The presidential candidates who looked worst after Joe Biden’s cracking Super Tuesday performance were not Bernie Sanders, Elizabeth Warren and Mike Bloomberg. They were John Kasich, Ted Cruz, Marco Rubio and Ben Carson, who could not manage, before Super Tuesday in 2016, to prevent the hostile takeover of the Republican Party by a divisive hothead.

That is a cheap shot, but only because it is unfair to single out four men in a party whose entire political and legislative leadership capitulated with minimal resistance to a populist candidate who openly hated them. In the 2016 Republican primaries, Donald Trump did not win a majority of the vote in any state until April 19. Some type of early, concerted action by Republican candidates and leaders might have prevented Trump’s rise — or at least offered a serious example of resistance to future Republicans.

How do we know this would have been possible? Because it just happened in the other party. Democratic leaders have also seen the rise of a populist candidate who openly hates them. But in this case, two center-left candidates — Amy Klobuchar and Pete Buttigieg — sacrificed their presidential ambitions and endorsed Biden for the sake of their party. That is the political equivalent of two soldiers jumping on a grenade to save their platoon. And on Super Tuesday, self-identified Democrats in large numbers — by a 20-point margin in North Carolina, a 30-point margin in Virginia and a 50-point margin in Alabama — supported a self-identified Democrat over a self-identified socialist revolutionary.

We do not yet know if this effort to preserve the Democratic Party will succeed.
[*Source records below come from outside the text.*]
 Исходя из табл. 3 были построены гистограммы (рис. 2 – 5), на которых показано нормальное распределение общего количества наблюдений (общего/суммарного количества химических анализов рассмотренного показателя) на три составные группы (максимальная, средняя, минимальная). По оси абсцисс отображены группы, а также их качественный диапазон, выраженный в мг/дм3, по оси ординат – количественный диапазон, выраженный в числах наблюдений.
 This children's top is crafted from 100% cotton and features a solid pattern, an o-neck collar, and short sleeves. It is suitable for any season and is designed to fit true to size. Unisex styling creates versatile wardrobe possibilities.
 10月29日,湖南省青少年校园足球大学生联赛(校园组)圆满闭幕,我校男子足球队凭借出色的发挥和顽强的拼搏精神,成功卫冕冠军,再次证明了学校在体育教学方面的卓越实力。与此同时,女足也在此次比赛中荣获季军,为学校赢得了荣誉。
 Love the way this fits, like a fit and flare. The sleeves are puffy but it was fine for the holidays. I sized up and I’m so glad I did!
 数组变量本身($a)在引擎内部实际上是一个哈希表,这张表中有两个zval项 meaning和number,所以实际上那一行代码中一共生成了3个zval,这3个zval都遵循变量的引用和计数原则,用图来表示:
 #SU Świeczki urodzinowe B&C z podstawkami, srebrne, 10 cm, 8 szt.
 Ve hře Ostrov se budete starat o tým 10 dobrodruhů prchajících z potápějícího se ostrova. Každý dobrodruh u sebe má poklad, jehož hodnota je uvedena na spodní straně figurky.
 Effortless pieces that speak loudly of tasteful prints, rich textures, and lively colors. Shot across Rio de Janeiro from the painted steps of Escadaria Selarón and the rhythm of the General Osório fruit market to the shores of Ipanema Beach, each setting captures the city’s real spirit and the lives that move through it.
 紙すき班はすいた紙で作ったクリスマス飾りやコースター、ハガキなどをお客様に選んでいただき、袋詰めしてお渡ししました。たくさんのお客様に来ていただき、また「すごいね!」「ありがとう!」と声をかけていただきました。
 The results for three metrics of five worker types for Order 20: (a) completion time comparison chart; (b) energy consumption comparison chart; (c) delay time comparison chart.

But one thing is certain: The Democratic Party still exists as an institution. Prominent Democratic politicians still think that conspicuous loyalty to their party will bring respect and future preferment. Many Democratic voters clearly prefer their traditional identity and are refusing to live inside a demagogue’s distorted dream.

Democrats do have an advantage over their Republican counterparts: an immediate example to recoil from. The Trump takeover of the GOP demonstrates that some political choices are difficult to unmake, like trying to un-stir cream from your coffee. Because partisanship is so powerful, many Democrats would feel compelled to support a President Sanders the way Republicans now support President Trump. And this would likely turn their partisan duty into the justification of one man’s eccentricities and extremism. Whatever a President Biden’s flaws may be, defending him would at least be the defense of a distinctly Democratic cause.
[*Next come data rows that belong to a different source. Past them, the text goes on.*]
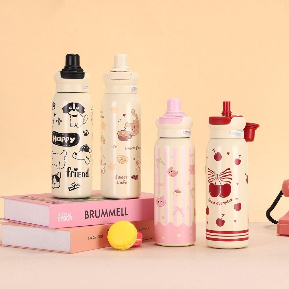 Cute 620ML Vacuum Cup Insulation Or Cooling with Straw Insulated Cup High-Capacity Thermal Water Bottle for Student Children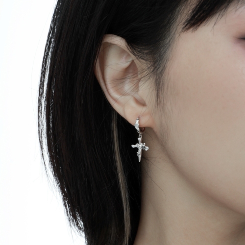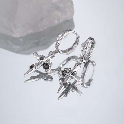These dangle earrings feature a sculptural, liquid-metal inspired cross design with irregular, organic edges—each set with black cubic zirconia stones that add depth and contrast. The earrings are crafted in solid 925 sterling silver with a softly textured finish, embodying both strength and fluidity. This bold yet wearable pair is perfect for boutiques seeking high-concept, small-batch jewelry with a quiet statement aesthetic.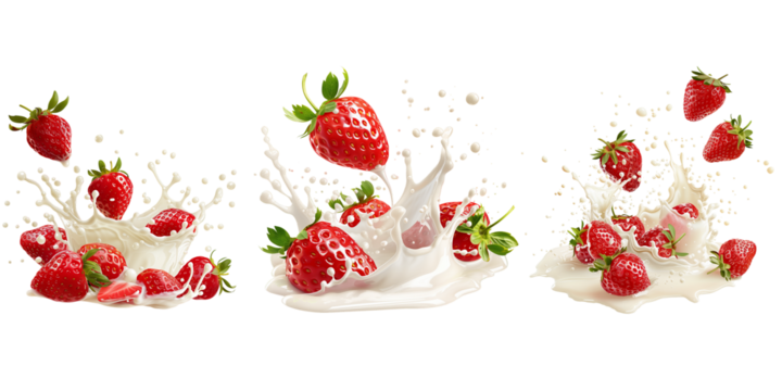 strawberries milk , strawberry yogurt isolated in white transparent background png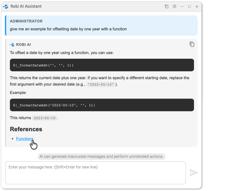 The AI Assistant takes several prompts into context when answering the user. Besides reading the user's prompt, Robi also takes into account a system prompt which describes its basic purpose (i.e. Robi knows it is meant to assist with using UAC). This means Robi may refuse to answer a question if the prompt is deemed irrelevant to its purpose, such as "Tell me about the stock market."

The Democratic Party is blessed with an abundance of rational partisans. And a subset of that blessing is this: The most loyal constituents of the Democratic Party — African Americans — tend to be prudent and practical voters. In contrast, the most loyal constituents of the Republican Party — white evangelical Christians — have been easy converts to a personality cult.

There is, of course, diversity of opinion within any group of voters. But the collective role played by African American voters in this election has been particularly decisive. It was black voters — first in South Carolina and then in Virginia, Texas, Tennessee, North Carolina and Alabama — who saved Biden’s candidacy, saved the possibility of a center-left Democratic Party and saved the hope that U.S. politics can consist of something more than anger and grievance.
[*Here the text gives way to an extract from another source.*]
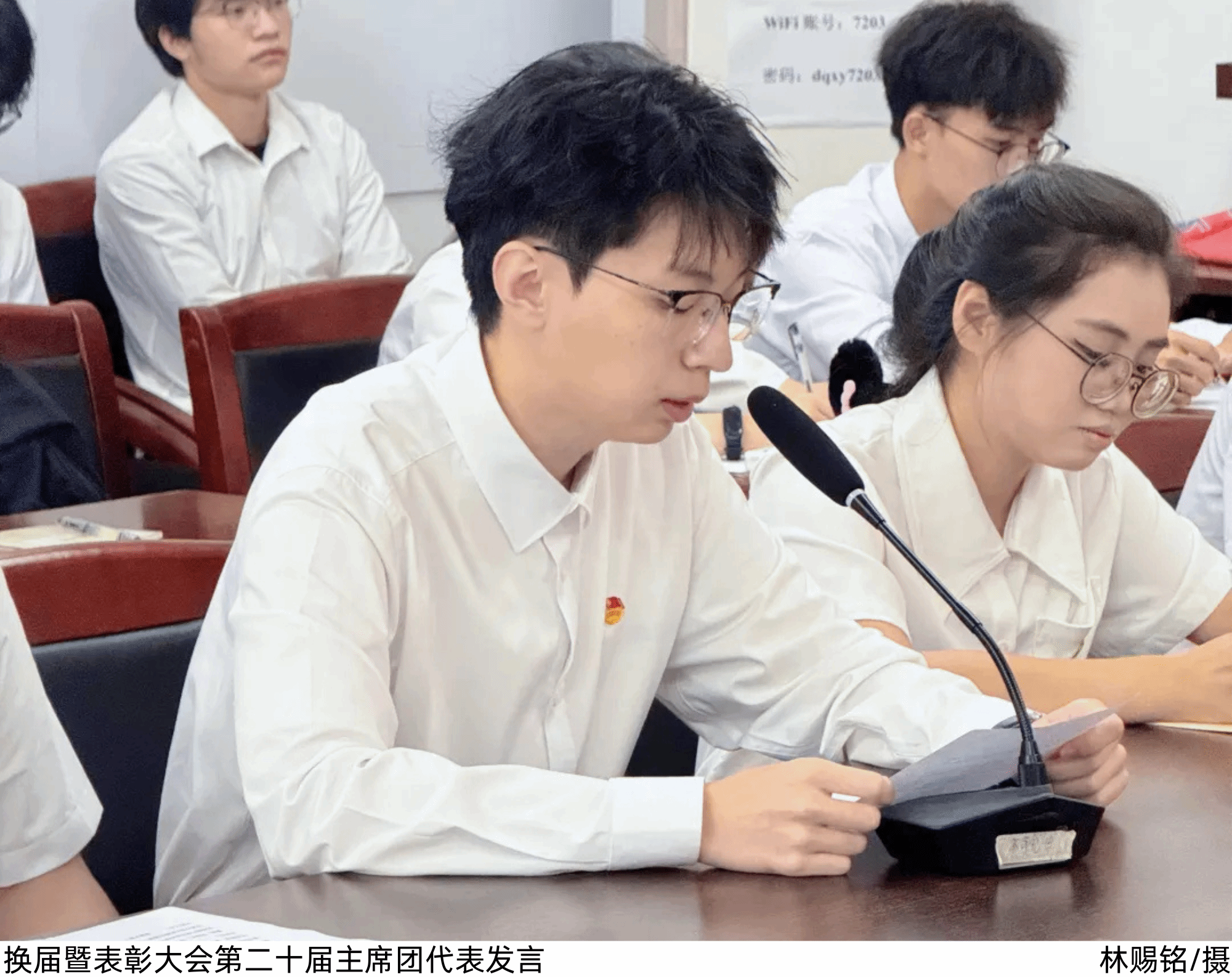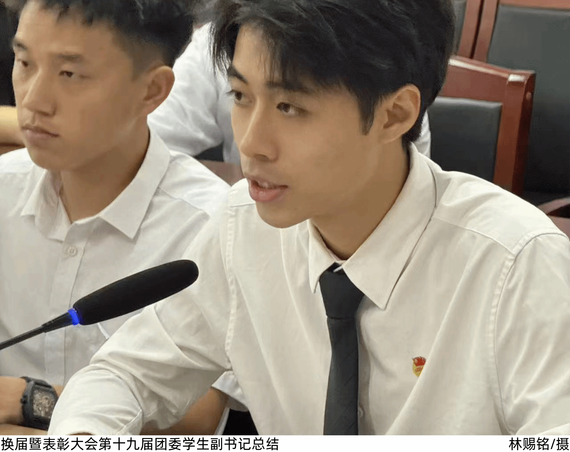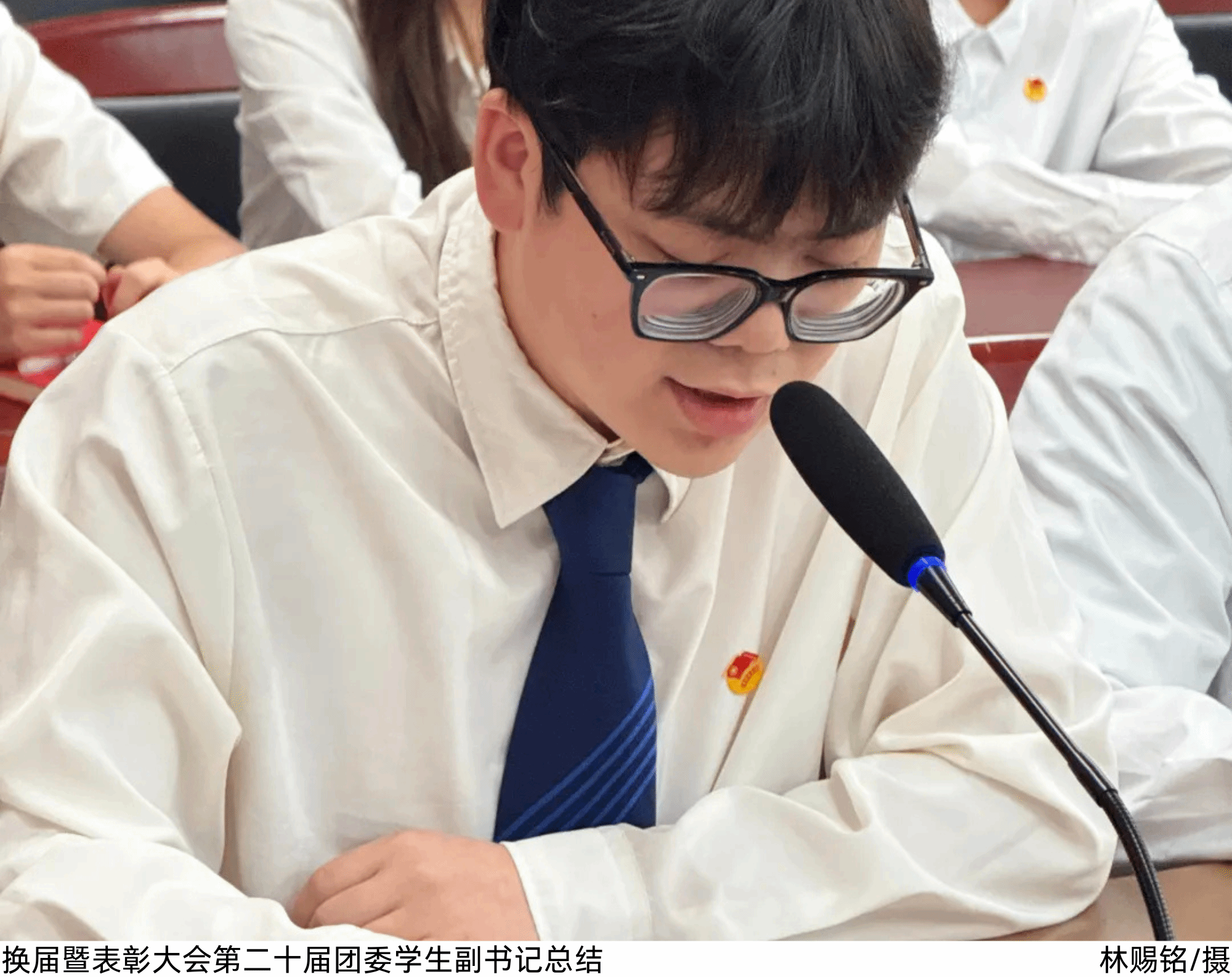 第二十届团委学生副书记曾宇奇在发言中从三方面阐述并回顾工作经历与收获:一、思想上配合学院开展主题教育,筑牢同学价值观;二、行动上搭建沟通桥梁,丰富校园活动;三、团队建设上打造高效队伍,提升成员素养。他期待与全体成员携手,共创团委、学生会新辉煌。

Some African American support for Biden is based on familiarity. When people in crowds chant, “We know Joe!,” they are saying they have seen his empathy and decency demonstrated over decades. That type of trust cannot be bought with paid advertising.

But apart from affection for Biden, African American voters have a reputation for favoring center-left, establishment candidates over liberal alternatives. They tend to view the stakes of certain political results — such as the reelection of a president who feeds racism as a political strategy — as very high. And their broad reaction to this heightened sense of risk is pragmatism in avoiding destructive outcomes. This is a healthy political instinct.

Contrast this again with the GOP’s most loyal cohort, white evangelicals. They also tend to view the stakes of politics as very high, but their reaction to risk has been to trust a profane, cruel, lawless strongman to defend their interests. This has enabled a presidential assault on institutions that frustrate his will.

Often in U.S. history, it has fallen to African Americans to clarify, articulate and embody America’s partially realized creed. Once more have they defended a humane, democratic liberalism when others did not find it important or convenient.